ISLAMABAD: The government issued fresh and rollover guarantees of Rs368 billion, equivalent to 1.2 per cent of GDP, during the first half of fiscal year 2016-17.
The outstanding stock of guarantees on Dec 31, 2016 stood at Rs838bn, according to Economic Survey 2016-17 released on Thursday.
The fresh guarantees were issued under the Fiscal Responsibility and Debt Limitation Act, which stipulates that the government will not give guarantees aggregating to an amount exceeding 2pc of the GDP in any financial year.
This condition also includes rupee lending, rate of return, output purchase agreements and other claims and commitments, provided the renewal of existing guarantees will be considered as issuing a new guarantee.
The guarantees were issued against the commodity financing operations undertaken by the Trading Corporation of Pakistan, Pakistan Agricultural Storage and Services Corporation Ltd and provincial governments. On Dec 31, 2016, the outstanding stock issued against commodity operations was Rs563bn.
The share of rupee guarantees increased during the past few years and accounted for 89pc of the total guarantees stock by end-December, according to the economic survey.
Guarantees issued against commodity operations are not included in the stipulated limit of 2pc of GDP as the loans are secured against the underlying commodity and are essentially self-liquidating and thus should not create a long-term liability for the government.
The quantum of these guarantees depends on the supply-demand gap of various commodities, their price stabilisation objectives, volume procured, and domestic and international prices.
Contingent liabilities of Pakistan are guarantees issued to public sector enterprises, and the sovereign guarantee is normally extended to improve financially viability of projects or activities undertaken by the government entities with significant social and economic benefits.
It allows public sector companies to borrow money at lower costs or on more favourable terms.
In some cases it allows fulfilling the requirement where sovereign guarantee is a pre-condition for concessional loans from bilateral or multilateral agencies to sub-sovereign borrowers.

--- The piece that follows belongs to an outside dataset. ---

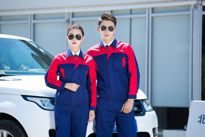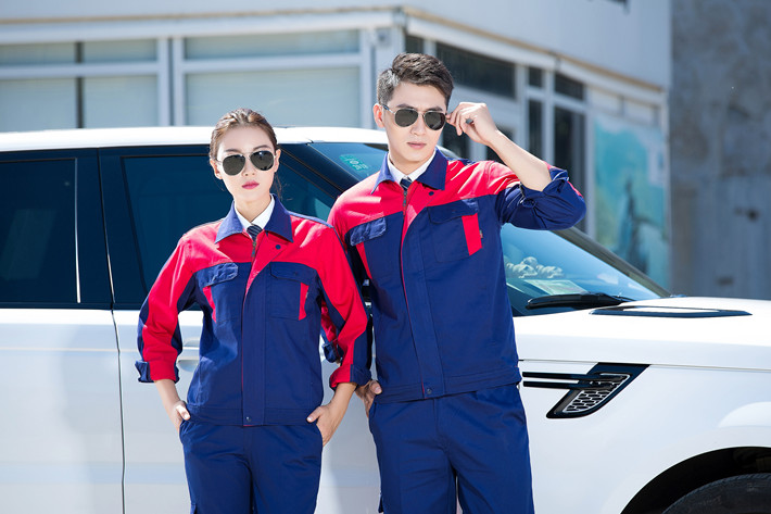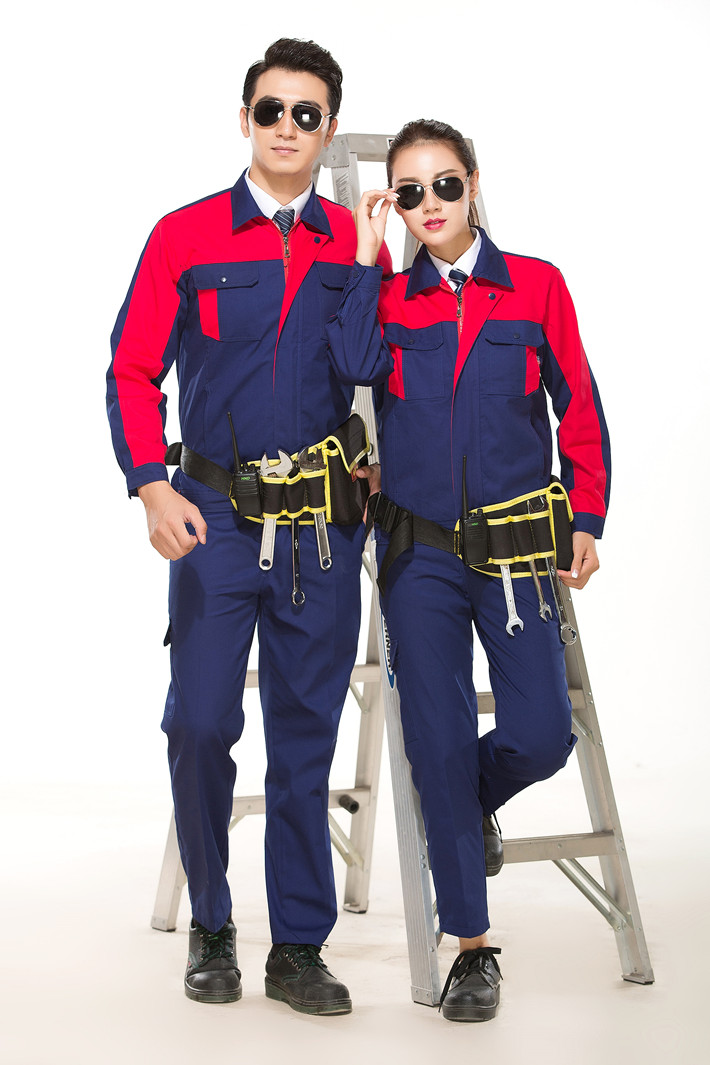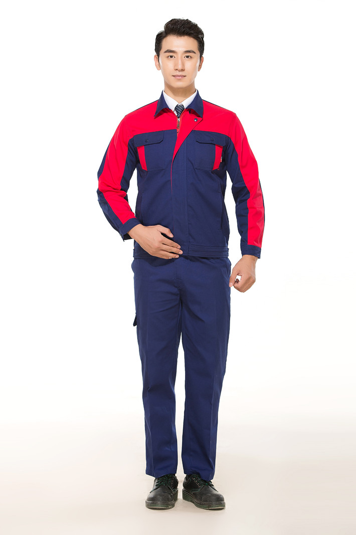 鳳臺縣工作服定做廠家定制工服款式全棉藏青色拼紅色套裝GZ-8019

Contingent liabilities are conditional obligations that arise from past events that may require an outflow of resources embodying economic benefits based on the occurrence or non-occurrence of one or more uncertain future events not wholly within the control of the government.
Contingent liabilities can be distinguished from the liabilities as they are conditional and do not represent the present obligations of the government.
Accordingly, contingent liabilities are not recognised as liabilities regardless of the likelihood of an uncertain future event.